Six policiers ont été condamnés, jeudi à Bobigny, à des peines allant de six à douze mois de prison, dont six mois ferme pour certains, pour des violences et des injures racistes lors de l’interpellation d’un Égyptien en avril 2020 à l’Ile-Saint-Denis.
Le policier, qui avait déclaré “un bicot comme ça, ça nage pas” à l’encontre du jeune homme interpellé après s’être jeté dans la Seine, a été condamné à six mois de prison avec sursis. Quatre de ses collègues ont été condamnés à douze mois dont six mois ferme et une interdiction d’exercer pendant douze mois. Une sixième fonctionnaire a été condamnée à douze mois de prison avec sursis.
Les peines prononcées par le tribunal de Bobigny (Seine-Saint-Denis) à l’encontre de ces policiers de la Direction territoriale de la sécurité publique des Hauts-de-Seine ont été plus lourdes que les réquisitions.
Le parquet n’avait pas retenu les violences dans ses réquisitions, seulement les insultes, et réclamé une seule peine.
Mais le tribunal a accepté de joindre l’affaire sur les faits d‘”injures racistes” aux citations directes de la partie civile pour les faits de “violences”, s’appuyant notamment sur une bande sonore.
“Je suis heureux, la justice a été faite. J’ai été lésé, agressé. Je suis content de cette décision”, s’est réjoui Samir E, la victime, à l’issue du délibéré.

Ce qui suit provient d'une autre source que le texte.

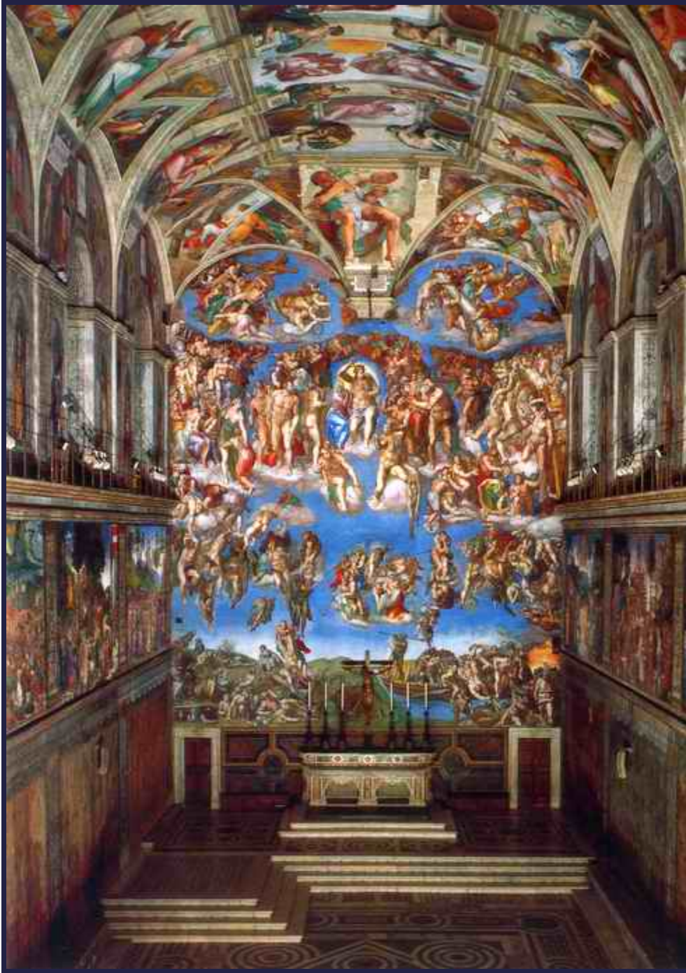
ศูนย์กลางของภาพคือพระเยซูคริสต์ ซึ่งวาดขึ้นตามสไตล์ของมิเกลันเจโล มนุษย์ผู้ชายจะล่ำ ๆ หน้า ๆ กล้ามโต ๆ ได้ยวบยงได้เห็นอีกเยอะครับ

Le 26 avril 2020 vers 01H30 du matin, des policiers avaient interpellé à l’Île-Saint-Denis (Seine-Saint-Denis) l’ouvrier de 29 ans, soupçonné de vol de matériel sur un chantier et qui avait tenté, selon des sources policières, de prendre la fuite en se jetant dans la Seine.

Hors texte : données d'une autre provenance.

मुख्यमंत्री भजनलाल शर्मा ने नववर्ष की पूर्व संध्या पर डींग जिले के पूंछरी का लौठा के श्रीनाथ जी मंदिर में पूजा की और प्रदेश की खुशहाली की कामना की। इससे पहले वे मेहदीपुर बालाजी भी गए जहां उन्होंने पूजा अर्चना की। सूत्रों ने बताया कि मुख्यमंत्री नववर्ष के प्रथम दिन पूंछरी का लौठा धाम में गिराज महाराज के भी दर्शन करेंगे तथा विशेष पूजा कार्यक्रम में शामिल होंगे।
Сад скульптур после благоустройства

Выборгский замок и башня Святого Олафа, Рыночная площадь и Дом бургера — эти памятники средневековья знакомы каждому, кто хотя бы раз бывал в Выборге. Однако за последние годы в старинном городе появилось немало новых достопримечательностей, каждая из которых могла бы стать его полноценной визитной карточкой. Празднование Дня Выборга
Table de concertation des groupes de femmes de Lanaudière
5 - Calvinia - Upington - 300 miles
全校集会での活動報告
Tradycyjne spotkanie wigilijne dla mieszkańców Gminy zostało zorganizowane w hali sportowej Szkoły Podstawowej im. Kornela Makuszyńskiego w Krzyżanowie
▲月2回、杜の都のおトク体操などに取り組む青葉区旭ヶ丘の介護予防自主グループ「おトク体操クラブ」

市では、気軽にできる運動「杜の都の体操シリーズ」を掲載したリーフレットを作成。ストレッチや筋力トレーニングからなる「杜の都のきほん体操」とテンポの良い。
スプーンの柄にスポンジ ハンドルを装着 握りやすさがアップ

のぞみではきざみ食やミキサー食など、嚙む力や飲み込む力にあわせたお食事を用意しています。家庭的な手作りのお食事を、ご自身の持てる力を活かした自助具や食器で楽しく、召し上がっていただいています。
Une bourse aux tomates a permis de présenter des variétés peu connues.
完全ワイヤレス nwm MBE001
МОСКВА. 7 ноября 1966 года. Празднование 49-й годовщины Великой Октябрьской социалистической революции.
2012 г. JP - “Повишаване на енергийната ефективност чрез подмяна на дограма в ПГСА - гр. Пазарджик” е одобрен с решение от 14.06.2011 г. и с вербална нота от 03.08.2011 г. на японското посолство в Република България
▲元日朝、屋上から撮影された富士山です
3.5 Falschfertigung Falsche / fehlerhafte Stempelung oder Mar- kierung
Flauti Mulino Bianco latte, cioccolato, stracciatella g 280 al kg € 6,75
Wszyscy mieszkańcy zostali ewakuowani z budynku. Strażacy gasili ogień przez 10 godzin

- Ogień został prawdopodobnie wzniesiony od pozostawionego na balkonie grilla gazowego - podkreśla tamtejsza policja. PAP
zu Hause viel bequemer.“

Sur les faits de vol, l’affaire a été classée sans suite.
Après avoir sorti le jeune homme du fleuve, un des policiers avait déclaré: “Un bicot comme ça, ça nage pas”, selon une vidéo captée par un riverain et diffusée par le journaliste Taha Bouhafs sur les réseaux sociaux.
“Ha ! ha ! Ça coule, tu aurais dû lui accrocher un boulet au pied”, pouvait-on également y entendre.

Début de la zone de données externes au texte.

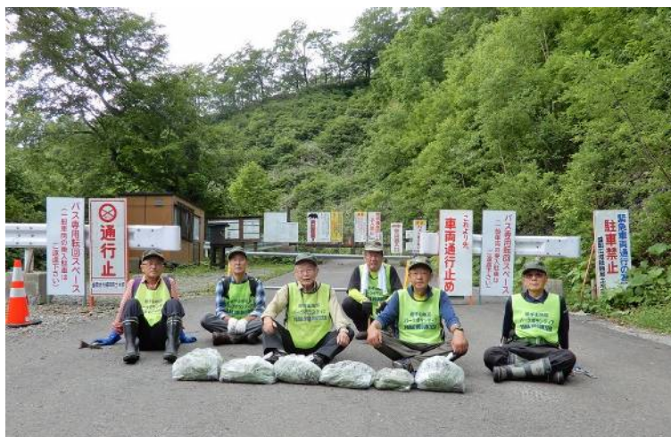
作業を終えて (駆除量は年々減少傾向。毎年実施の成果かも)
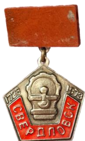
Рис. 6. Знак из личного архива М.В. Бекленищевой

[Fig. 5. The badge of Twin cities of Polevskoi and Klatovy. Badge from the personal archive of M. Beklenishcheva]
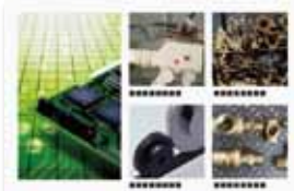
電機メーカー導入事例

パンフレットの基本は同じで、顧客にあわせ一部分だけを変えて印刷。得意先会社名の入替、ナンバリングも可能。大量に作るのではなく必要な時に必要な部数だけ印刷。だから常に新しい情報が提供できます。
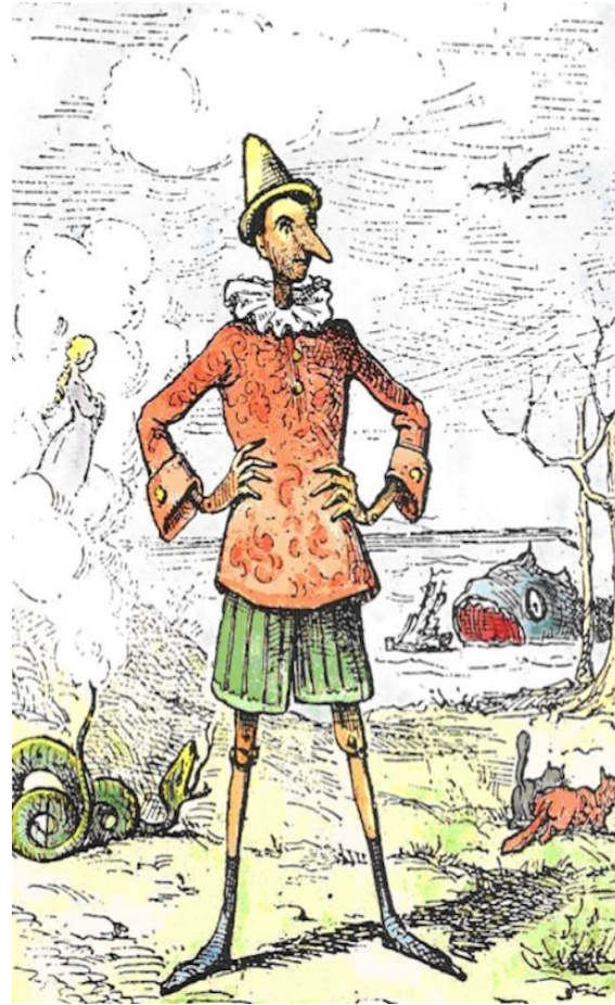
Illustrazione originaria di Mazzanti intorno al 1882

Collodi, pseudonimo di Carlo Lorenzini, pubblicò l'opera a puntate, quasi per caso e senza troppa voglia, sulla prima annata del 1881 del Giornale per i bambini diretto da Ferdinando Martini, un periodico settimanale supplemento del quotidiano Il Fanfulla .
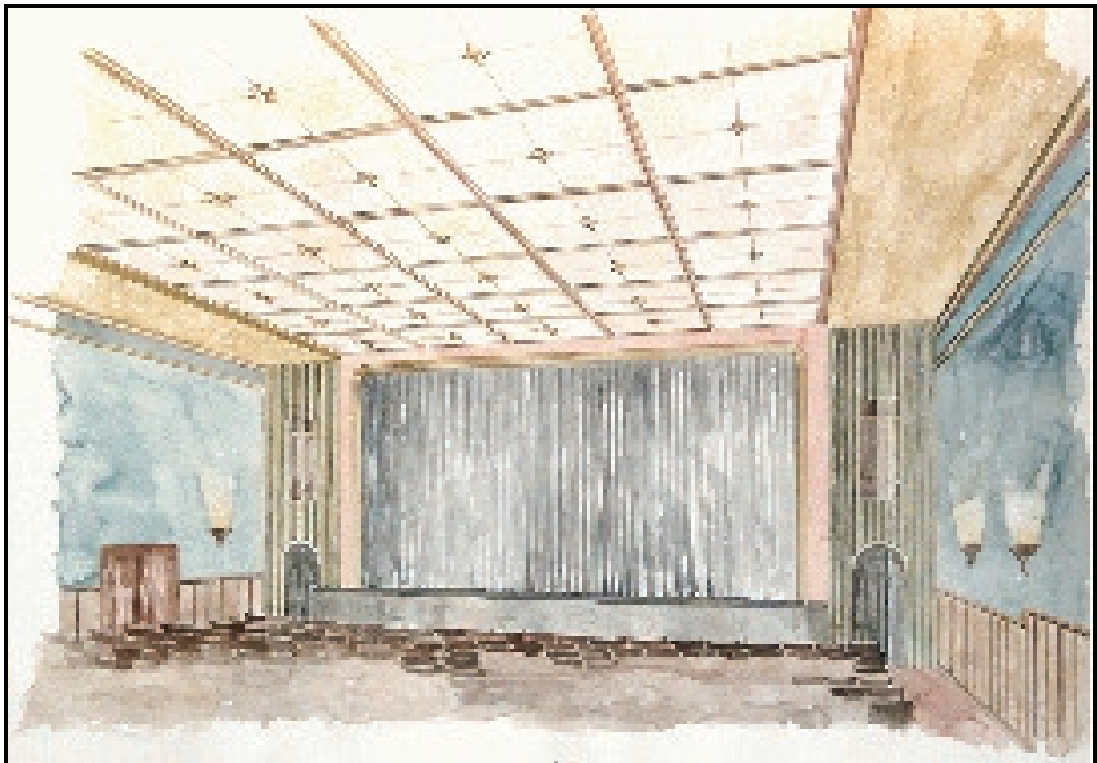
Gerald Konert Aquarell Paul-Schallück-Saal (Theater am Wall)
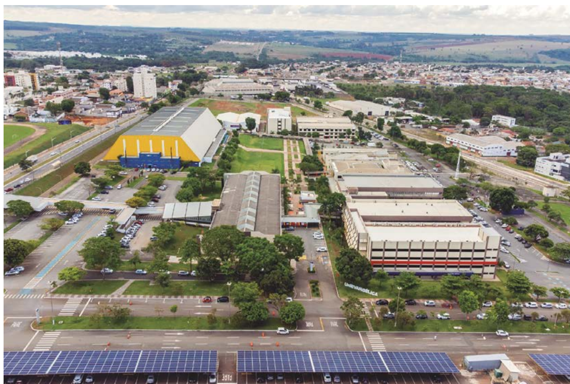
A UniEvangélica tem uma das maiores logísticas esportivas de Goiás e recebe competições de várias modalidades

O cronograma continua em fevereiro, com o INTERUNI - Seletiva de Futebol, no campo da universidade. Esta etapa é considerada uma peneira de atletas da instituição que competirão
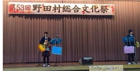
音楽選択生徒「ミニコンサート」
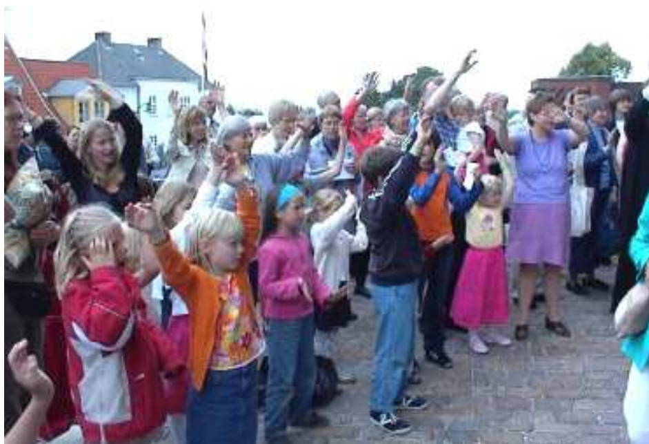
Afskedssang fra Danske Kirkedage 2004 i Roskilde. Stafetten blev her givet videre til Haderslev Stift.

Der vil på kirkedagene være målrettede programmer for både voksne, unge og børn. Så der er grundlag for en familietur.
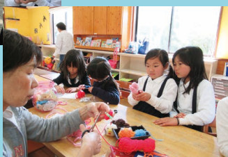
一年生の手芸入門
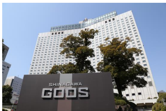
2011年 シナガワグース開業
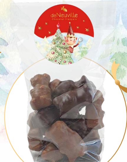
26. Sachet de petits ours en guimauve 9,90€ 8,40€
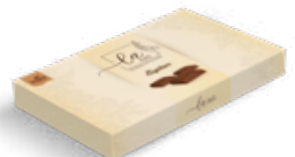
Item No. 5042 - Weight: 200g

Puis lors de son transfert au commissariat, le ressortissant égyptien avait reçu de nombreux coups dans le fourgon, selon ses déclarations, étayées par les propos captés dans le fourgon de police.
Pour ces faits, une fonctionnaire de police a été condamnée à douze mois de prison avec sursis pour “non empêchement des violences”.
L’avocat de la partie civile, Me Arié Alimi, s’est dit “surpris” de cette décision. “On n’est pas habitué en matière de violences policières et de racisme dans la police à des condamnations aussi claires, évidentes avec des peines relativement lourdes”.
Pour Me Alimi, “la justice commence à se dire que c’est plus possible et commence à fixer les limites. C’est un jugement singulier, symbolique mais qui va marquer le combat sur les violences et le racisme dans la police”.
Les quatre associations antiracistes (Licra, MRAP, LDH, SOS Racisme) qui s’étaient portées parties civiles ont été déclarées recevables et obtiennent un euro symbolique de dommages-intérêts.
Ces condamnations “doivent aussi sonner pour l’Etat comme la nécessité d’une prise de conscience”, a estimé SOS Racisme, dans un communiqué. “Il est de la responsabilité de l’Etat de cesser de fermer les yeux sur des pratiques ici condamnées du seul fait de l’existence d’une vidéo”, déplore l’association.
Cinq des six agents ont fait appel
La défense a de son côté “contesté cette décision”. “Le tribunal n’a tenu compte ni des éléments de faits que nous avions portés à sa connaissance ni des arguments juridiques que nous avions développés”, a regretté Me Laurent-Franck Lienard, l’avocat du principal prévenu.
Cinq des six policiers condamnés ont décidé de faire appel du jugement.
Le fonctionnaire de police qui avait usé du terme “bicot” avait plaidé “la blague de mauvais goût” lors de son procès en novembre et le “besoin de décompresser et faire marrer la galerie”, avait-il dit.
Dans cette affaire qui avait suscité l’indignation, deux policiers ont été sanctionnés administrativement en octobre de cinq jours d’exclusion ferme.
Le Directeur général de la police nationale, Frédéric Veaux, était allé au-delà des recommandations du conseil de discipline de la Préfecture de police, qui avait proposé trois jours d’exclusion.